(PROVIDED DATA begins)

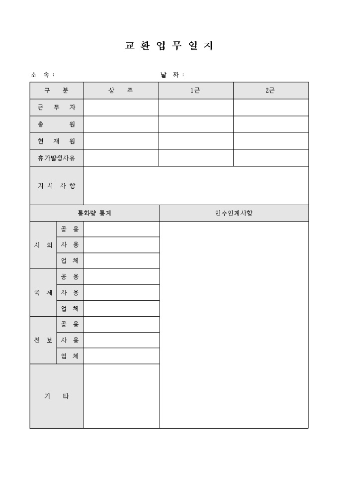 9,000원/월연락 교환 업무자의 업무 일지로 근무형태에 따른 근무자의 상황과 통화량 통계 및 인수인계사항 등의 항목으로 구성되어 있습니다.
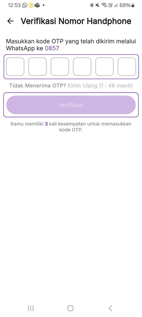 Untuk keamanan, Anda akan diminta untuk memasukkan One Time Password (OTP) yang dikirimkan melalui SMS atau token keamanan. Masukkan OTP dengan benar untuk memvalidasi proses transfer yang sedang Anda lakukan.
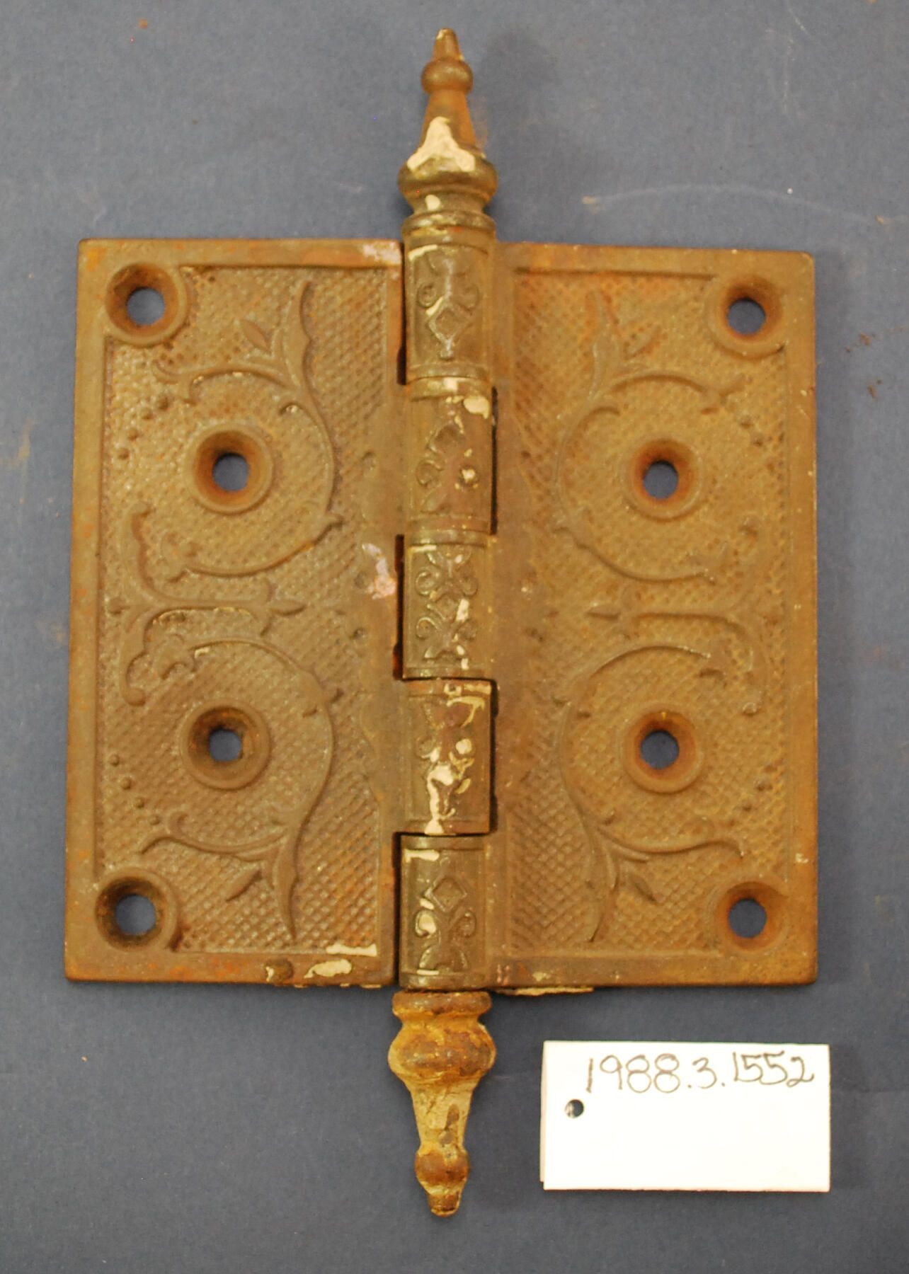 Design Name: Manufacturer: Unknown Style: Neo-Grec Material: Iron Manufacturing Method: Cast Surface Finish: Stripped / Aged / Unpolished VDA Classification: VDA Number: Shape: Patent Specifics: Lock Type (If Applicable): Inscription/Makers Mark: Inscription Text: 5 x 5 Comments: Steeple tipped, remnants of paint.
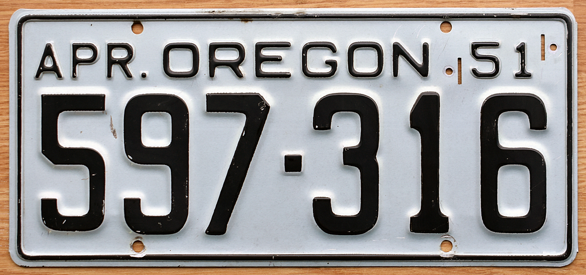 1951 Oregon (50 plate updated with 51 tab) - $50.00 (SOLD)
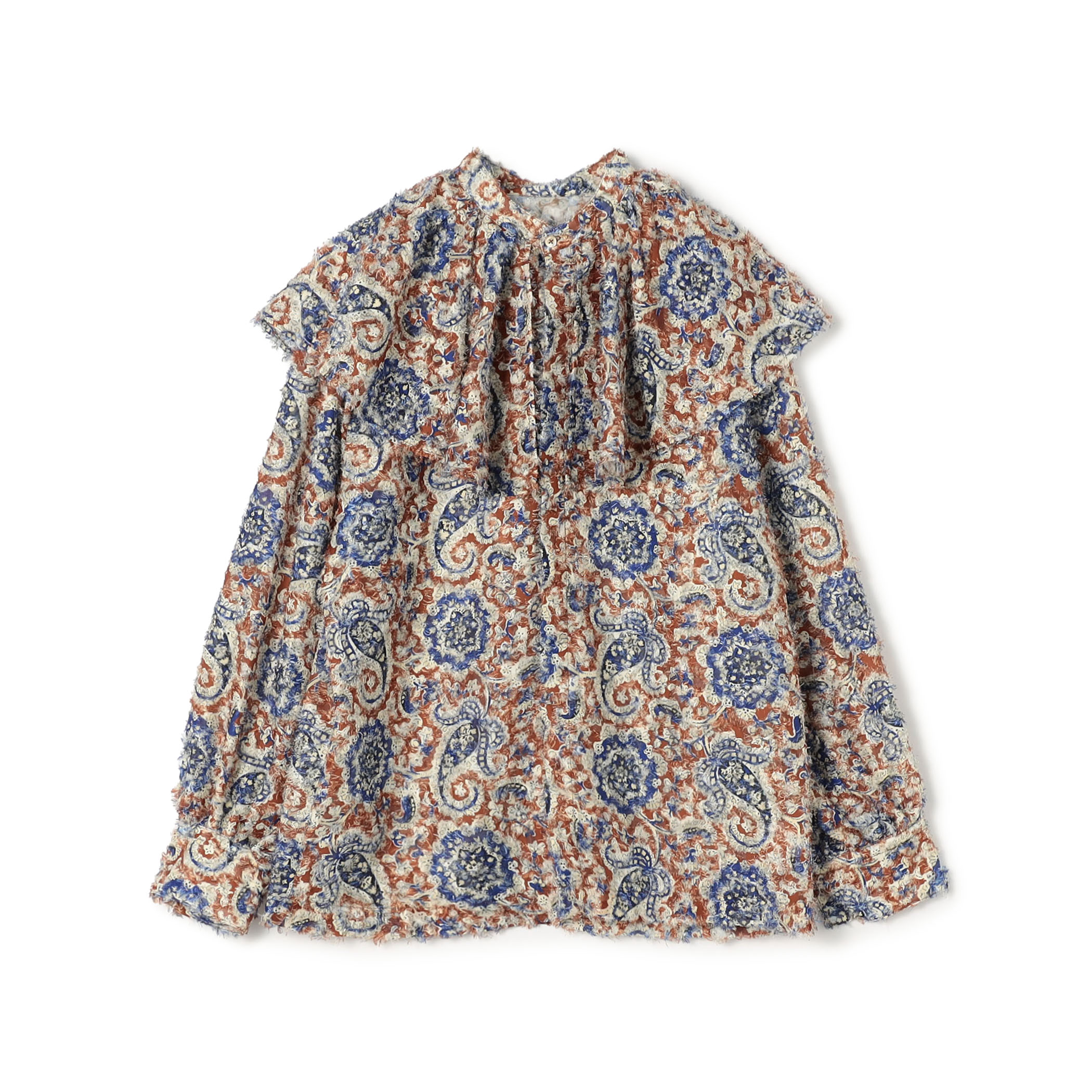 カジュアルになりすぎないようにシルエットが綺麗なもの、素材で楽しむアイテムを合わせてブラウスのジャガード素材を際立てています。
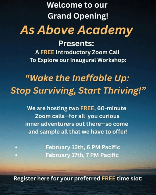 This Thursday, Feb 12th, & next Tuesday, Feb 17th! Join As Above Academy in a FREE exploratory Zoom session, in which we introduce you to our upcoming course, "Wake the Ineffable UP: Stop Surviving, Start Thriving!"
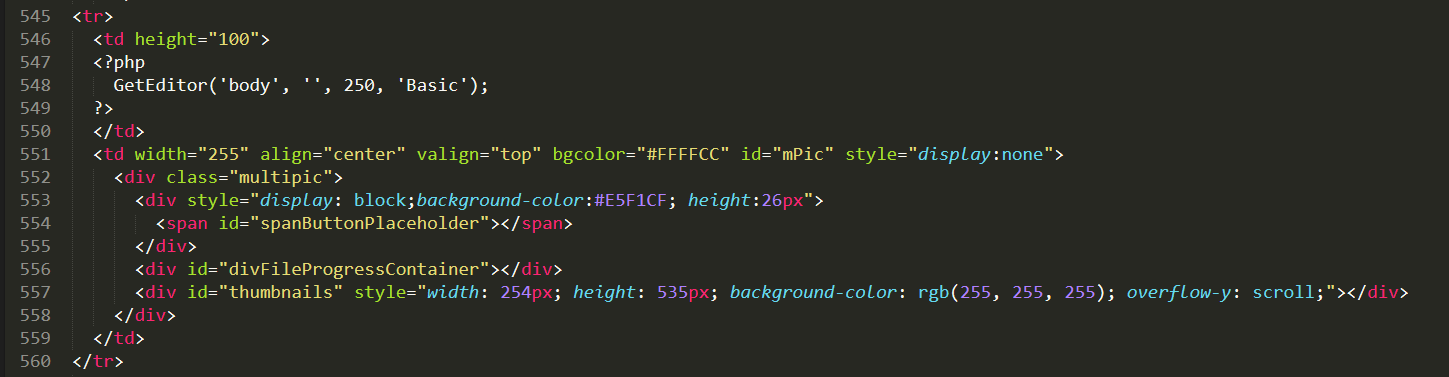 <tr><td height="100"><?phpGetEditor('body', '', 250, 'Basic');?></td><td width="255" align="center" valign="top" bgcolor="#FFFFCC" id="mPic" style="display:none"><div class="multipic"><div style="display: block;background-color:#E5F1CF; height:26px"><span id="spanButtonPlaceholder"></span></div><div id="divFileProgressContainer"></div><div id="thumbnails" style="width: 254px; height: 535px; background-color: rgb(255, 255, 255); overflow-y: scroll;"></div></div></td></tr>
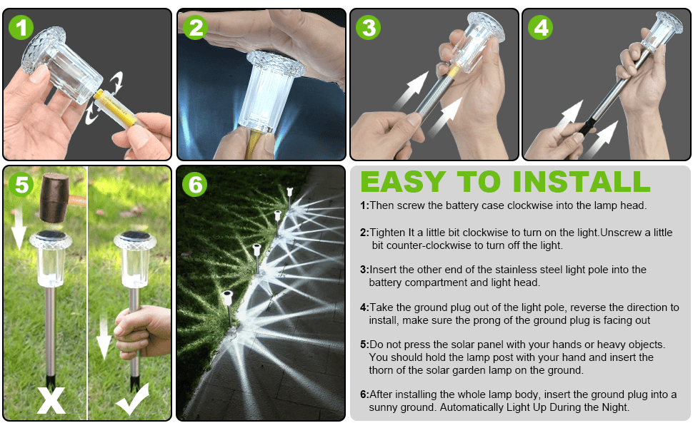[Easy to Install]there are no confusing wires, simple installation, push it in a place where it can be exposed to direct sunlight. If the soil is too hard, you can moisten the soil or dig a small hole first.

(PROVIDED DATA ends)

_WORK REQUEST:_ Your task is an exact transcription of all the data, minus the pictures.

_RESPONSE:_
 9,000원/월연락 교환 업무자의 업무 일지로 근무형태에 따른 근무자의 상황과 통화량 통계 및 인수인계사항 등의 항목으로 구성되어 있습니다.
 Untuk keamanan, Anda akan diminta untuk memasukkan One Time Password (OTP) yang dikirimkan melalui SMS atau token keamanan. Masukkan OTP dengan benar untuk memvalidasi proses transfer yang sedang Anda lakukan.
 Design Name: Manufacturer: Unknown Style: Neo-Grec Material: Iron Manufacturing Method: Cast Surface Finish: Stripped / Aged / Unpolished VDA Classification: VDA Number: Shape: Patent Specifics: Lock Type (If Applicable): Inscription/Makers Mark: Inscription Text: 5 x 5 Comments: Steeple tipped, remnants of paint.
 1951 Oregon (50 plate updated with 51 tab) - $50.00 (SOLD)
 カジュアルになりすぎないようにシルエットが綺麗なもの、素材で楽しむアイテムを合わせてブラウスのジャガード素材を際立てています。
 This Thursday, Feb 12th, & next Tuesday, Feb 17th! Join As Above Academy in a FREE exploratory Zoom session, in which we introduce you to our upcoming course, "Wake the Ineffable UP: Stop Surviving, Start Thriving!"
 <tr><td height="100"><?phpGetEditor('body', '', 250, 'Basic');?></td><td width="255" align="center" valign="top" bgcolor="#FFFFCC" id="mPic" style="display:none"><div class="multipic"><div style="display: block;background-color:#E5F1CF; height:26px"><span id="spanButtonPlaceholder"></span></div><div id="divFileProgressContainer"></div><div id="thumbnails" style="width: 254px; height: 535px; background-color: rgb(255, 255, 255); overflow-y: scroll;"></div></div></td></tr>
[Easy to Install]there are no confusing wires, simple installation, push it in a place where it can be exposed to direct sunlight. If the soil is too hard, you can moisten the soil or dig a small hole first.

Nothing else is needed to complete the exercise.